Task to carry out: Reproduce, please, the line that holds "一度やってみたかった・・・庭の花ですみれのリース" and all later lines through the end of the entries below, exactly; omit pictures.

Dataset items
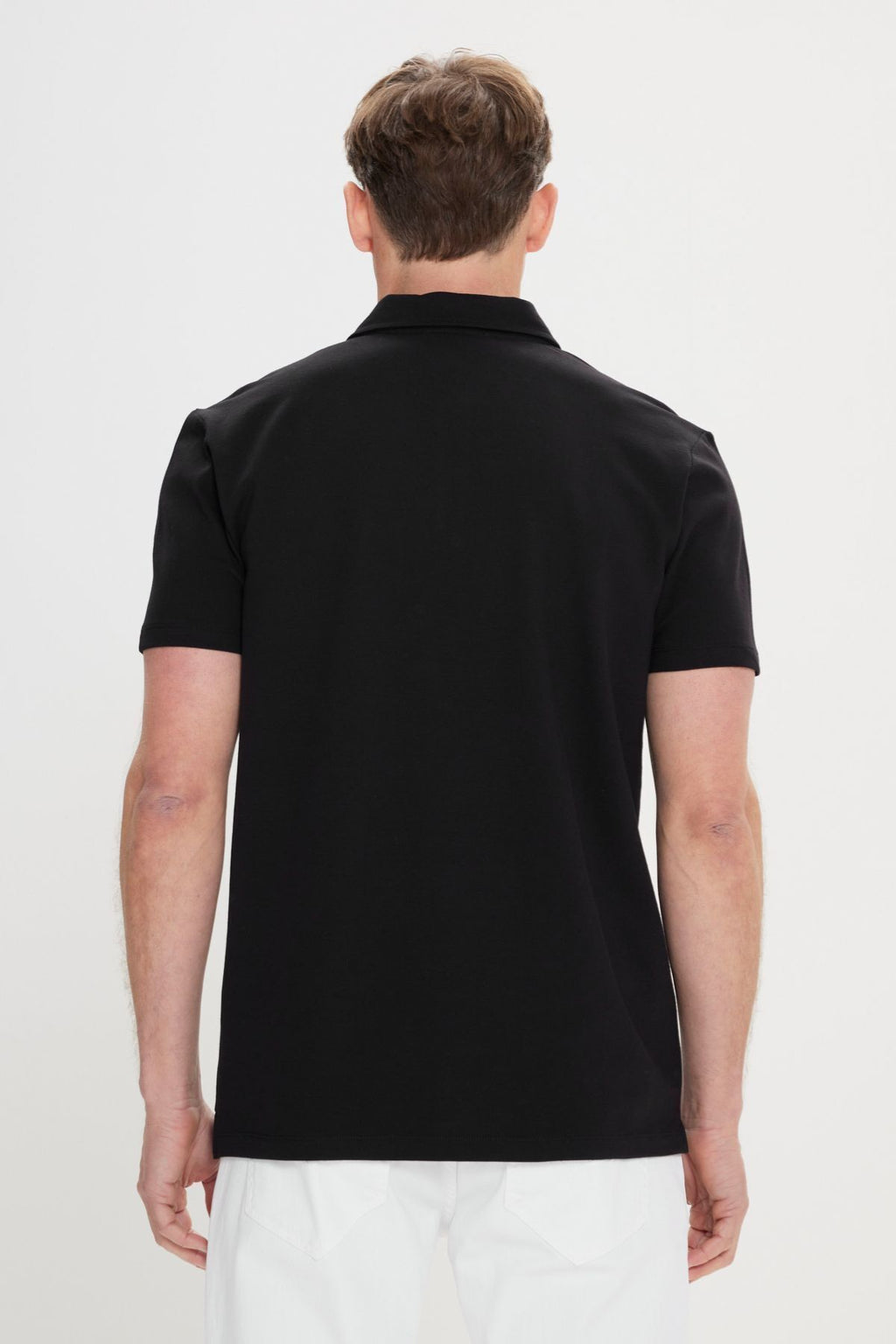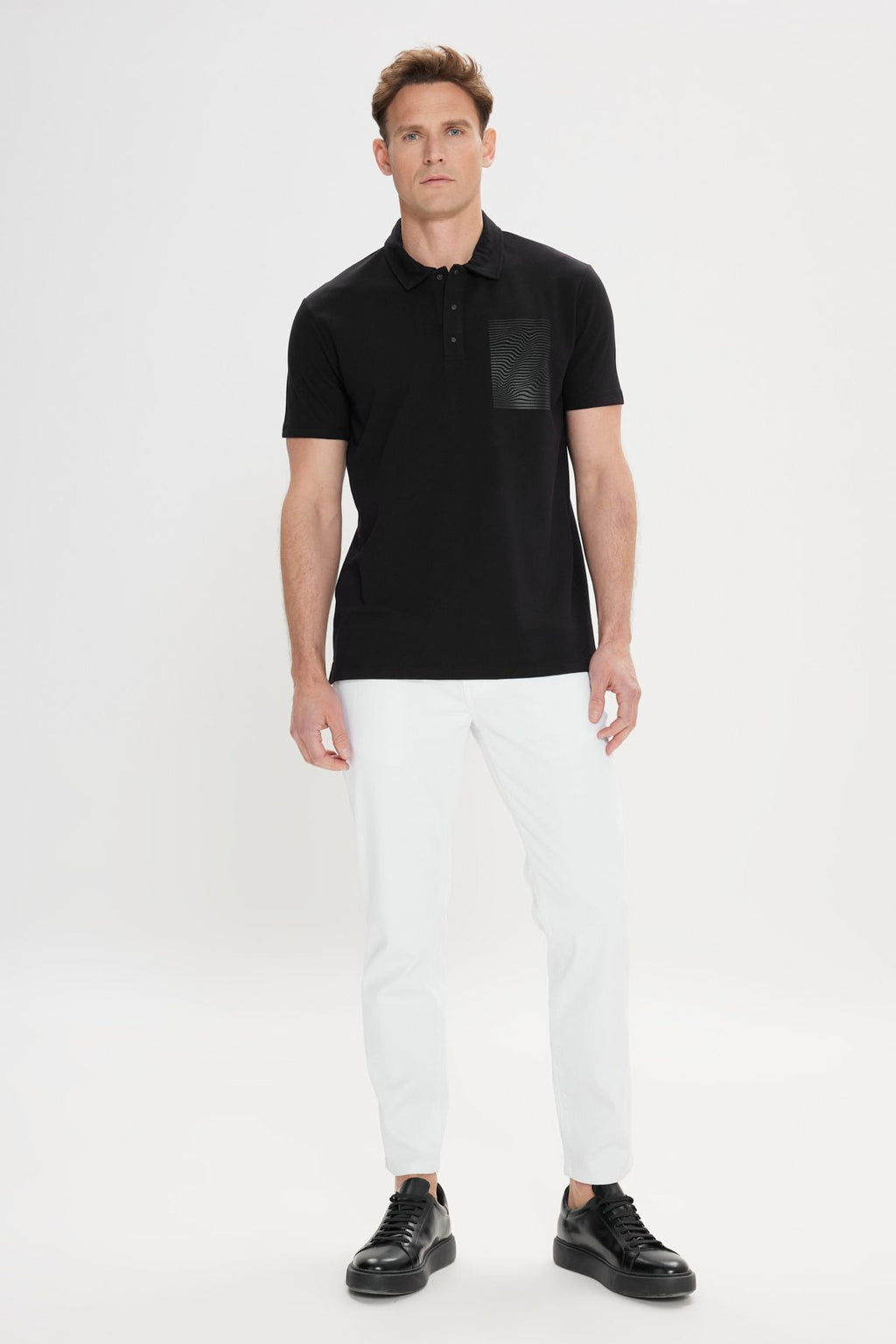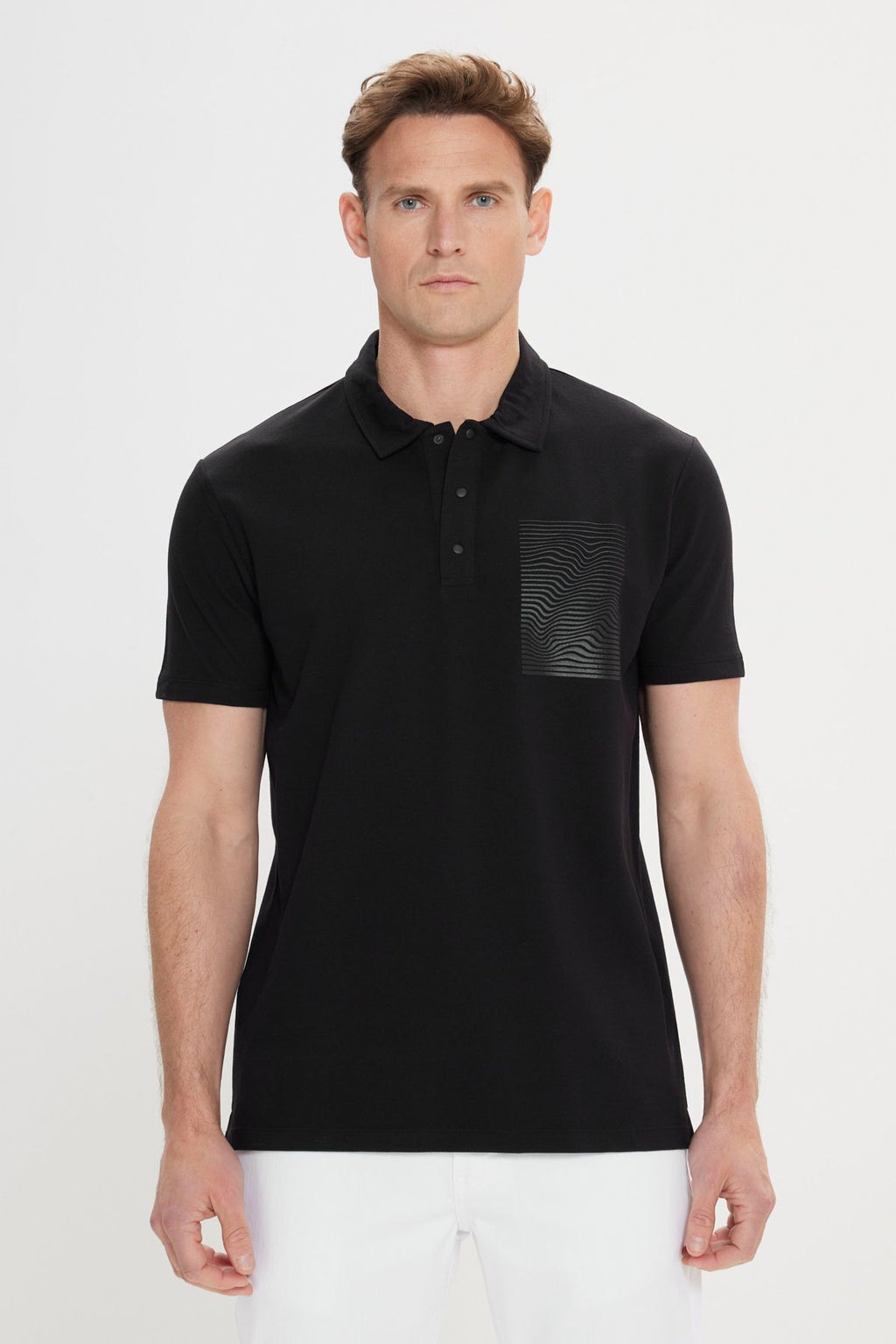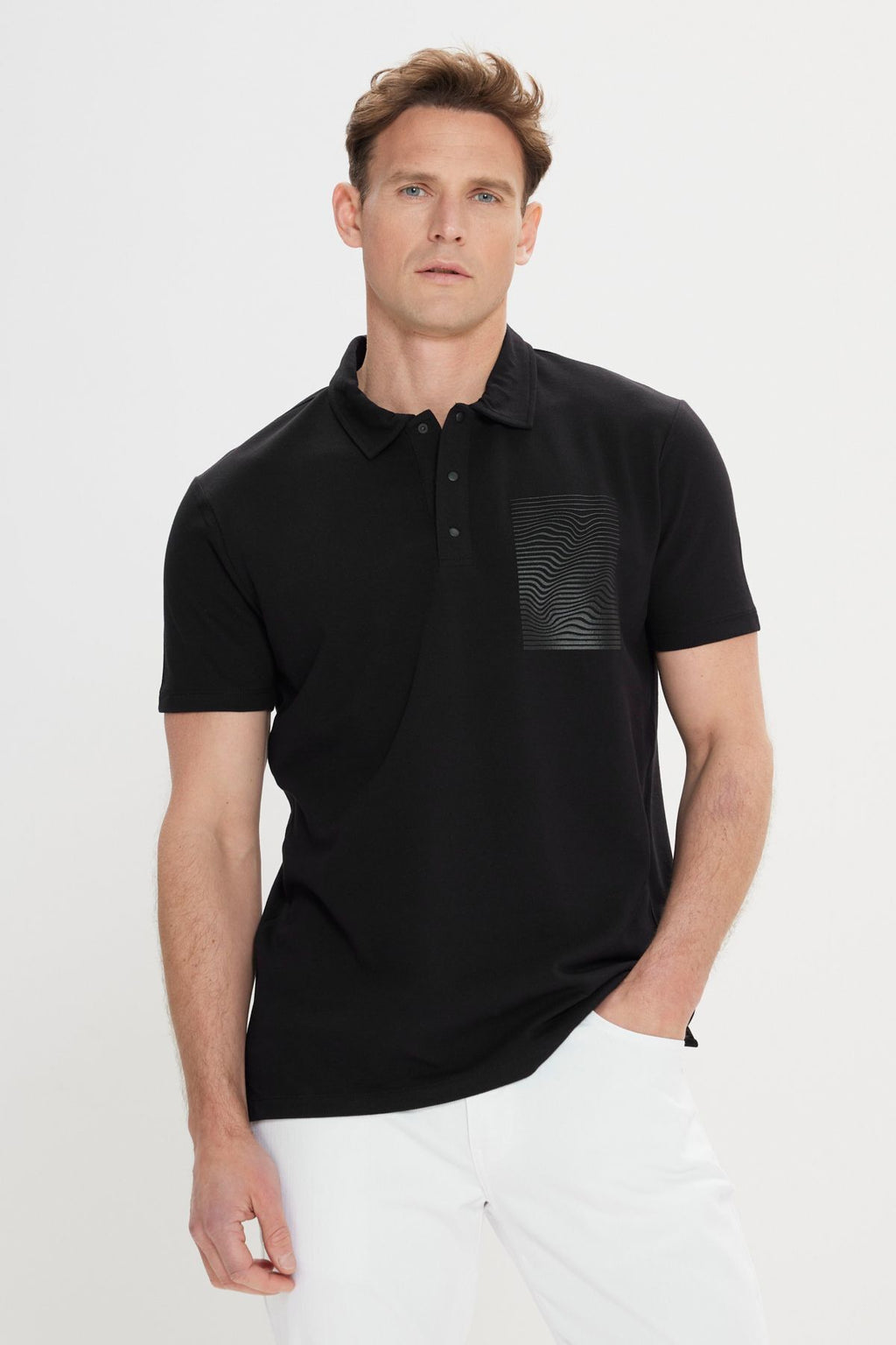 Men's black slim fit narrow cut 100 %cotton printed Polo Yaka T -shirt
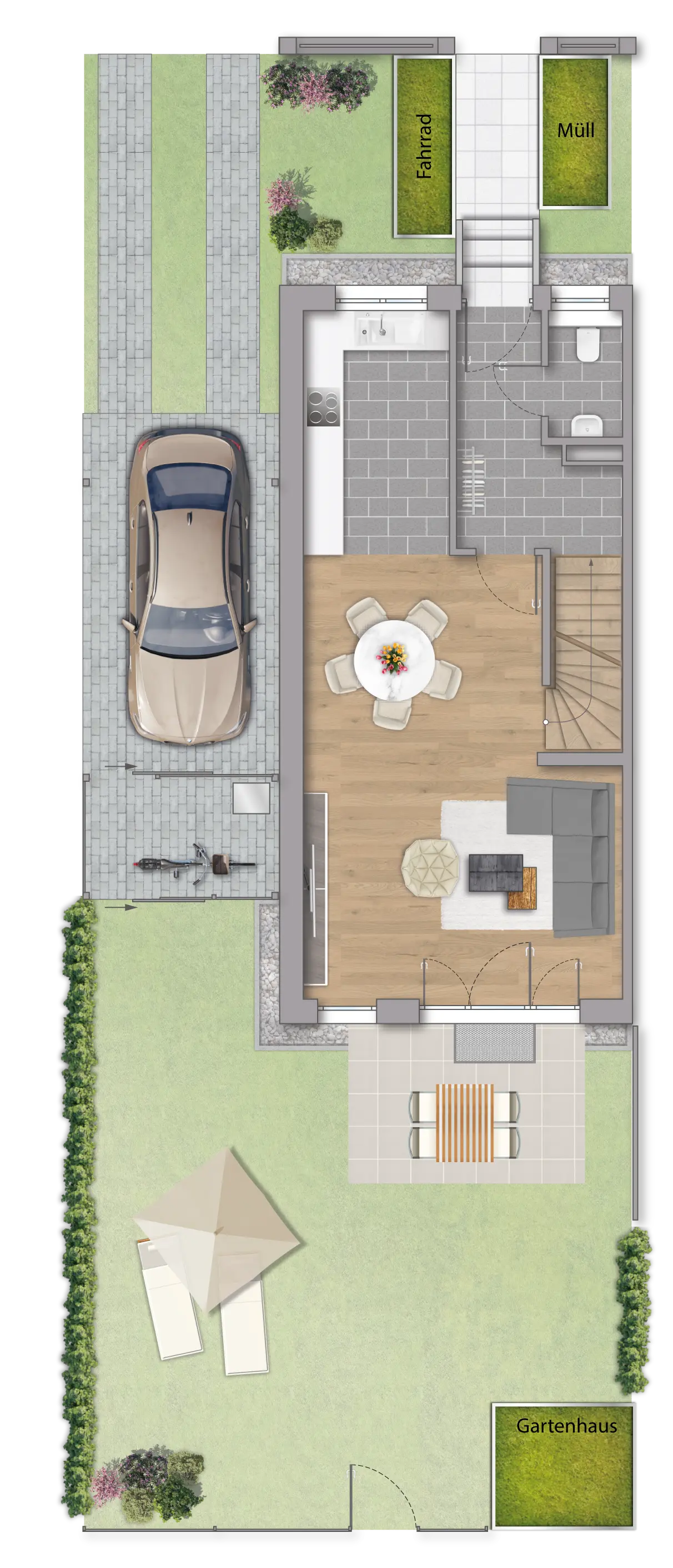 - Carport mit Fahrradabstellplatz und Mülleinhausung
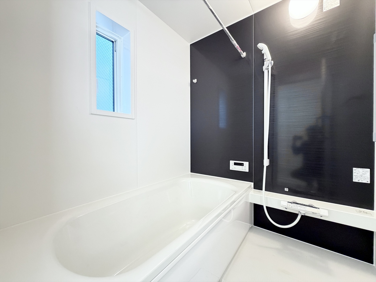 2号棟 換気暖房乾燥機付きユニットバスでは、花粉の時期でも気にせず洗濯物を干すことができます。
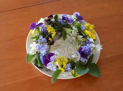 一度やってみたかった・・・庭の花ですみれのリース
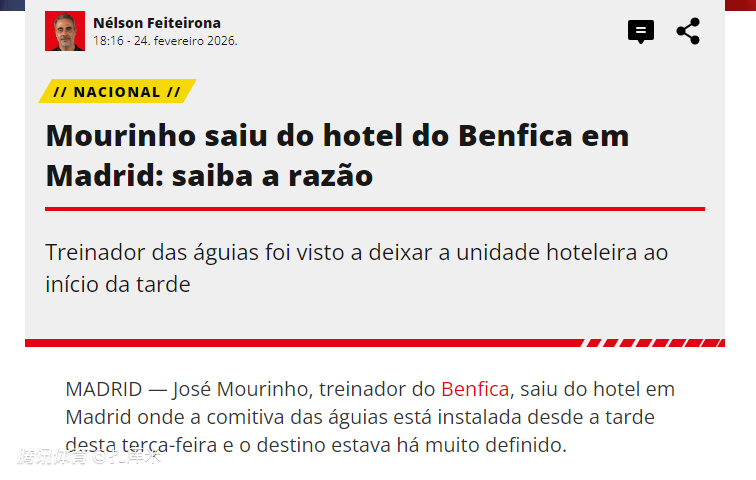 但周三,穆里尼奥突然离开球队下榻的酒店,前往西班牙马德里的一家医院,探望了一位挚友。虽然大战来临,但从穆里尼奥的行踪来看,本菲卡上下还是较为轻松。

Task output:
 一度やってみたかった・・・庭の花ですみれのリース
 但周三,穆里尼奥突然离开球队下榻的酒店,前往西班牙马德里的一家医院,探望了一位挚友。虽然大战来临,但从穆里尼奥的行踪来看,本菲卡上下还是较为轻松。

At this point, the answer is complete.